DWI is completely noninvasive and does not involve exposure to ionizing radiation. So, Diffusion Weighted Imaging permits more frequent examinations, allowing for repeated monitoring throughout the cancer treatment regimen.
DWI was obtained with 3 b values including 0, 300 and 600 mm/sec. The Apparent Diffusion Coefficient (ADC) was generated by measuring identical images at different b-values and represented as ADC map from which ADC value was calculated.
Qualitative DWI managed to detect 31 out of 32 of the malignant post treatment tumors with sensitivity of 96.8%. The addition of DWI to T2W imaging allowed five patients to be reclassified as having a malignant post -treatment tumor.

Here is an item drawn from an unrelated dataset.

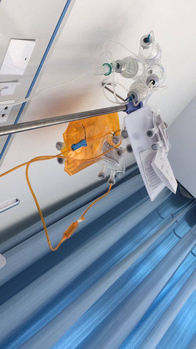 住院第四天,输液输了8个小时,昨天上午头疼的还特别厉害,医生要求送重症监护室,丙球冲击治疗好像起了效果,到现在头疼都没有再发作,下午做了腿部的彩超,没有血栓,腿部的疱疹也好多了
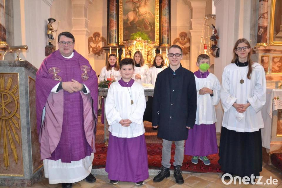 Am ersten Adventsonntag wurde Ben Bodensteiner als neuer Ministrant in die Schar der Messdiener in der Kirche aufgenommen. "Darüber freuen wir uns in Etzgersrieth", sagte Pfarrer Udo Klösel. Oberministrant Dominik Ach führte aus, dass Bodensteiner seit seiner Kommunion auf diesen Dienst in der Expositur vorbereitet. Vor dem Geistlichen bekundete Bodensteiner seine Bereitschaft. Pfarrer Klösel und Oberministrant Dominik Ach überreichten an den Neuen Plakette und den Ministrantenausweis. Anschließend segnete der Pfarrer alle Ministranten und erbat um Gottes Schutz auf all ihren Wegen ihres Lebens. Theologiestudent Michael Steinhilber trug dazu die Lesungen und die Ministranten die Fürbitten vor.

Recorded mean ADC values of post-treatment malignant masses were significantly different from those of post-treatment benign changes.
The addition of qualitative and quantitative assessment of the ADC maps provided 100 % specificity in post-treatment malignant masses, and raised the sensitivity to 96.8%.
Our results suggested that the use of DWI &ADC can be helpful in differentiating post-treatment malignant tumor masses from benign post-treatment changes with an estimated cut off mean ADC value of 1.3x10 -3 mm 2 /s.
Our results also suggested the value of baseline mean ADC in predicting the tumor response to treatment as there was noted significant difference regarding the average baseline mean ADC of the complete responders (mean 0.8 +/-0.024 × 10 -3 mm 2 /sec), compared to those with partial response/residual or disease progression (mean 0.96+/-0.045 × 10 -3 mm 2 /sec) (P < 0.0001).
So the use of qualitative DW imaging with ADC mapping provide added value in the detection of post-treatment malignant masses and differentiating it from post-treatment benign changes with sensitivity & specificity 96.8% & 100% respectively.